It is unclear when Sequoyah moved to Alabama from Tennessee. Many Cherokee began migrating there even before ceding their land around Sequoyah's birthplace in 1819, as they were under continual pressure by European-American settlers. Some sources claim he went with his mother, though there is no confirmed date for her death. Others have stated that it was around 1809 when he started his work on the Cherokee syllabary. Another source claims it was in 1818. However, this date is too late, because Sequoyah was already living in Alabama when he enlisted in the army.

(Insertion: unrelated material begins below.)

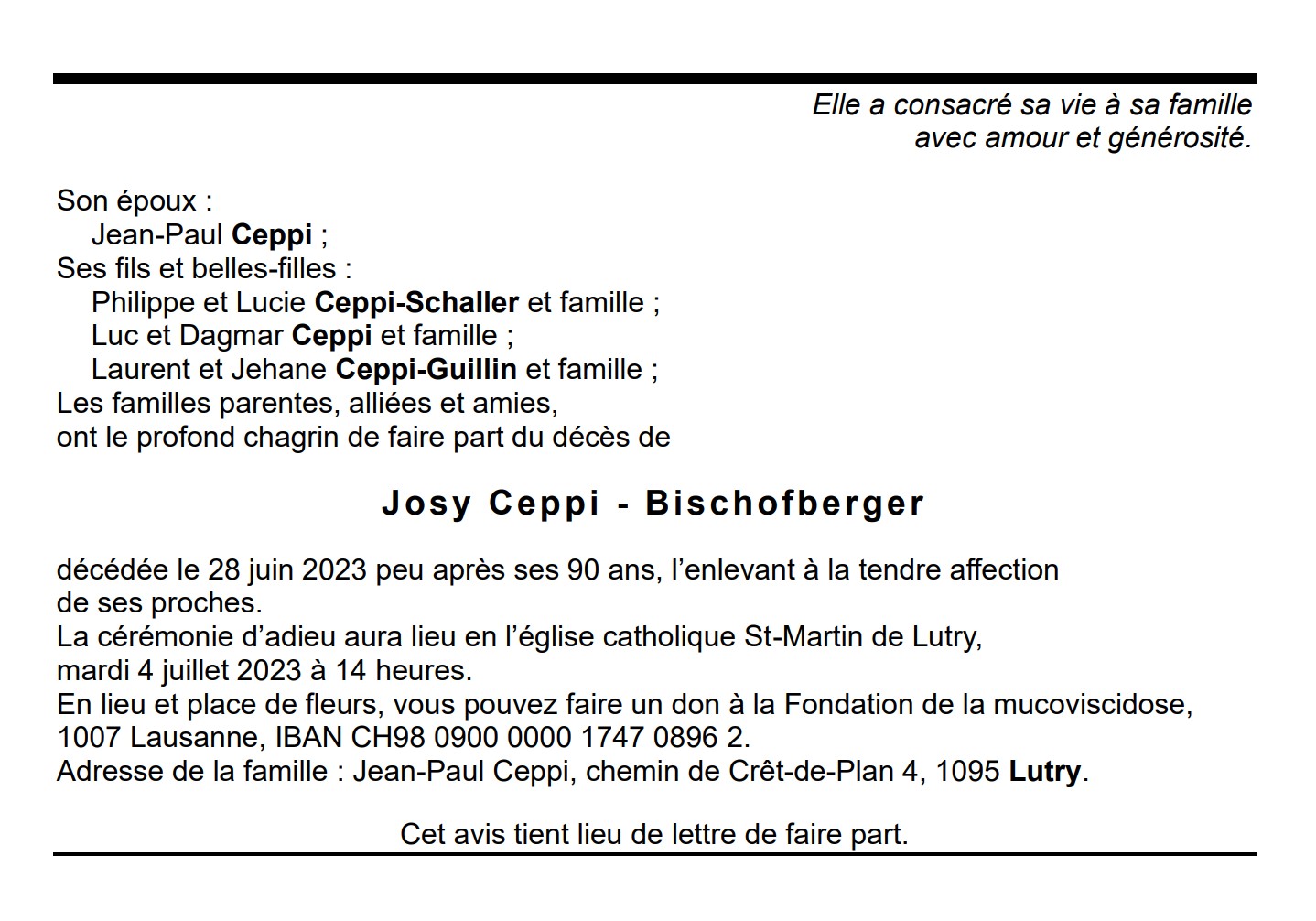 Josy Ceppi - Bischofberger 26 juin. 1933 - 28 juin. 2023 Avis mortuaire PFG Télecharger PDF Partager sur: Galerie PreviousNext PreviousNext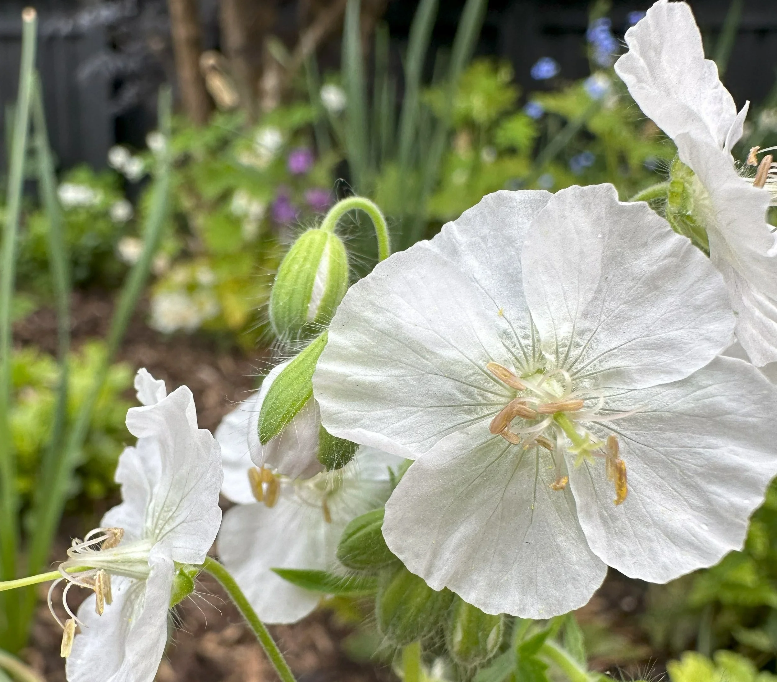 If you’re going for quite a woodland theme, I think that Geranium Phaem Album makes a lovely addition with it’s white flowers popping up here and there bringing that brightness to the shady border.

In 1813–1814, Sequoyah served as a warrior of the Cherokee Regiment, commanded by Colonel Gideon Morgan, at the Battle of Horseshoe Bend against the "Red Sticks" (Creek, or Muskogee, renegades). His white comrades called him either George Guess or George Gist. The battle was part of the Creek War, launched by traditional Creek during the War of 1812 to assert their power within the people and expel the European-Americans.

While serving, Sequoyah witnessed the disadvantages of not having a written language. Unlike the white soldiers, he and his fellow Cherokee warriors could not write letters to home, read their military orders, or write down any events or thoughts that occurred during their service. This deepened his determination to create a reading and writing system for the Cherokee language.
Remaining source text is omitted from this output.